What you are asked to do
Once the pictures are set aside, print the records that follow exactly as written.

►

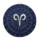 A silver chromlike aries zodiac symbole on a navy blue carbon fiber design texture background. A modern urban racy design for a great custom birthday vend idea. Use the link to contact us with your special design requests or for some assistance with your customization project.
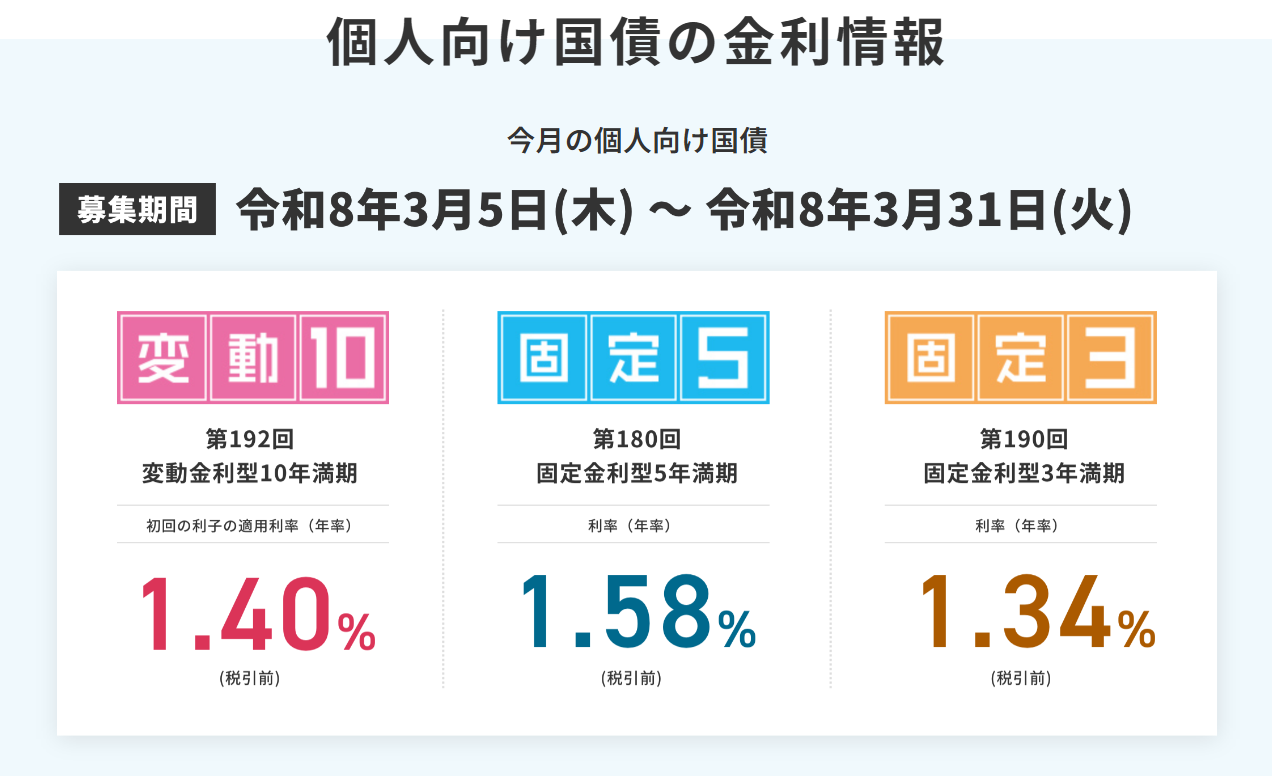 放送でも触れましたが、3月5日から31日まで募集されている個人向け国債の金利は3月4日に公表され、次のとおりとなりました。
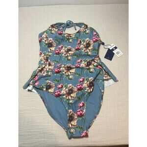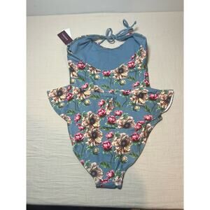 NWT Vigoss Halter One-Piece Womans Swim Suit Blue Floral Peplum
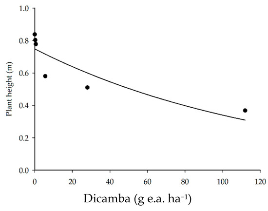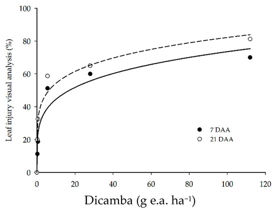 Dicamba is a systemic herbicide, absorbed and translocated to growth points in the plant. The phytotoxic symptoms usually arise at approximately 7 DAA and tend to increase up to 21 to 28 DAA [26,27]. The main symptoms observed were the curling and wrinkling of younger leaves. At higher doses, reductions in plant height were found, and, at the highest dose (112 g e.a. ha−1), stem twist and death of the apical meristem were observed.
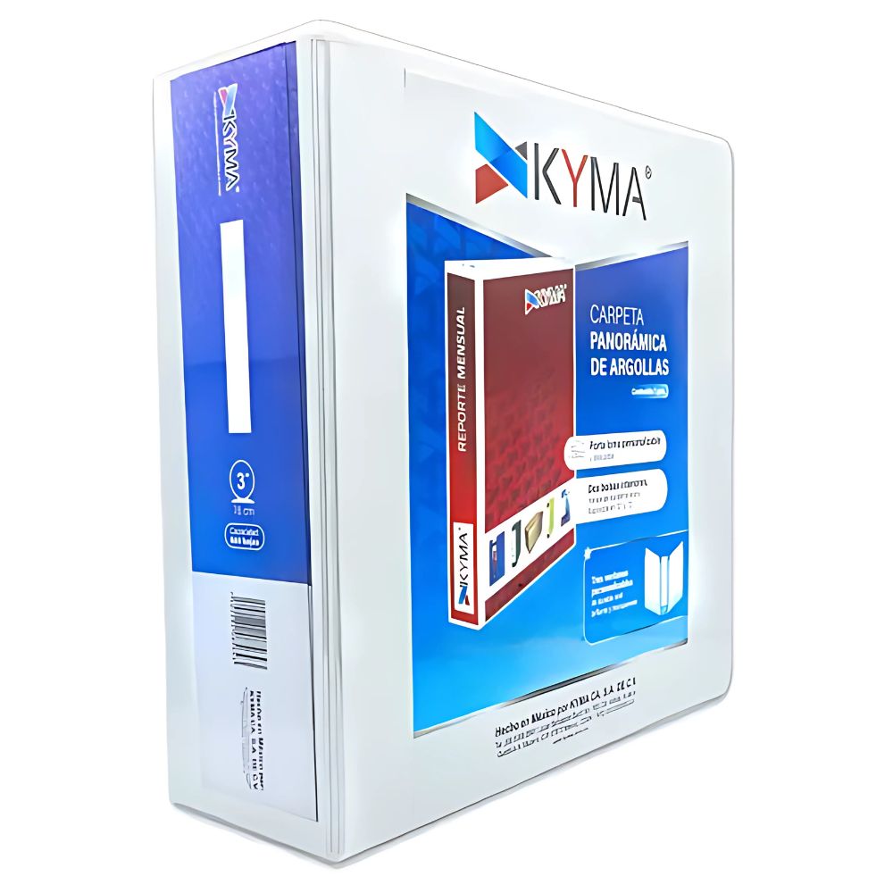 Organiza, guarda y presenta tus documentos importantes con la **Carpeta Panorámica Kyma Oficio Blanca**. Elaborada con **cartón, vinil y herrajes de la más alta calidad**, esta carpeta es la solución ideal para mantener tus archivos seguros y presentables en la oficina, escuela o el hogar.
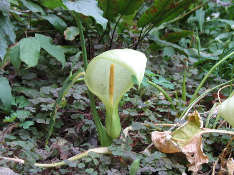 ein mir nicht weiter namentlich bekannter Aronstab von Mallorca. Dort überall im Winterhalbjahr ein häufiges "Unkraut". Treibt auch hier bereits im Herbst aus, bleibt über Winter grün (hält aber oberirdisch keinen starken Frösten stand) und zieht über Sommer ein
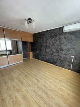 Установлен кондиционер, в квартире есть большой телевизор, большой встроенный шкаф, рабочий стол и тумбочка с ящиками, диван купим по запросу. Так же есть стиральная машинка, холодильник, микроволновка, варочная панель (без духовки), барная стойка, стол на кухне складной (на фото). Уютный балкон на кухне, обшитый деревом.
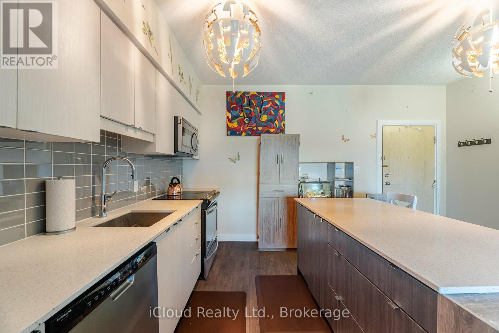 Generously Sized, Over 800 sqft Open Concept 1 Bedroom unit on the TOP Floor. No One Above! From the Living Room, Primary Bedroom and the Covered Balcony, Enjoy the Beautiful Tranquill View of the Trees and Beyond. The kitchen has, plenty of Cupboards, a Backsplash, Quartz Countertops and an Oversized Island with Breakfast Bar. Includes Stainless Steel Kitchen Appliances and White Washer & Dryer! High Ceilings Throughout. Convenient Full In Suite Laundry Facilities. Carpet Free with Laminate Flooring. Air Conditioning. Quite Sought After Building Located so Close to Amenities. Just a Convenient Walk or Short Drive Away. Honda is about a 5 minute drive and approx. a 15 min drive to the 400. A few photos have been virtually staged. (id:64974)
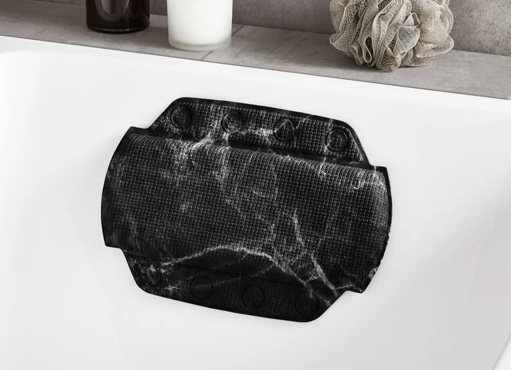 Mit einem Marmor-Dessin sind diese Sicherheits-Einlagen von „Kleine Wolke“ gestaltet, welche für höhere Sicherheit beim Duschen und Baden sorgen sollen. Die Qualität: 100% Polyvinylchlorid. Waschbar bis 40 °C

◄

Solution below
 A silver chromlike aries zodiac symbole on a navy blue carbon fiber design texture background. A modern urban racy design for a great custom birthday vend idea. Use the link to contact us with your special design requests or for some assistance with your customization project.
 放送でも触れましたが、3月5日から31日まで募集されている個人向け国債の金利は3月4日に公表され、次のとおりとなりました。
 NWT Vigoss Halter One-Piece Womans Swim Suit Blue Floral Peplum
 Dicamba is a systemic herbicide, absorbed and translocated to growth points in the plant. The phytotoxic symptoms usually arise at approximately 7 DAA and tend to increase up to 21 to 28 DAA [26,27]. The main symptoms observed were the curling and wrinkling of younger leaves. At higher doses, reductions in plant height were found, and, at the highest dose (112 g e.a. ha−1), stem twist and death of the apical meristem were observed.
 Organiza, guarda y presenta tus documentos importantes con la **Carpeta Panorámica Kyma Oficio Blanca**. Elaborada con **cartón, vinil y herrajes de la más alta calidad**, esta carpeta es la solución ideal para mantener tus archivos seguros y presentables en la oficina, escuela o el hogar.
 ein mir nicht weiter namentlich bekannter Aronstab von Mallorca. Dort überall im Winterhalbjahr ein häufiges "Unkraut". Treibt auch hier bereits im Herbst aus, bleibt über Winter grün (hält aber oberirdisch keinen starken Frösten stand) und zieht über Sommer ein
 Установлен кондиционер, в квартире есть большой телевизор, большой встроенный шкаф, рабочий стол и тумбочка с ящиками, диван купим по запросу. Так же есть стиральная машинка, холодильник, микроволновка, варочная панель (без духовки), барная стойка, стол на кухне складной (на фото). Уютный балкон на кухне, обшитый деревом.
 Generously Sized, Over 800 sqft Open Concept 1 Bedroom unit on the TOP Floor. No One Above! From the Living Room, Primary Bedroom and the Covered Balcony, Enjoy the Beautiful Tranquill View of the Trees and Beyond. The kitchen has, plenty of Cupboards, a Backsplash, Quartz Countertops and an Oversized Island with Breakfast Bar. Includes Stainless Steel Kitchen Appliances and White Washer & Dryer! High Ceilings Throughout. Convenient Full In Suite Laundry Facilities. Carpet Free with Laminate Flooring. Air Conditioning. Quite Sought After Building Located so Close to Amenities. Just a Convenient Walk or Short Drive Away. Honda is about a 5 minute drive and approx. a 15 min drive to the 400. A few photos have been virtually staged. (id:64974)
 Mit einem Marmor-Dessin sind diese Sicherheits-Einlagen von „Kleine Wolke“ gestaltet, welche für höhere Sicherheit beim Duschen und Baden sorgen sollen. Die Qualität: 100% Polyvinylchlorid. Waschbar bis 40 °C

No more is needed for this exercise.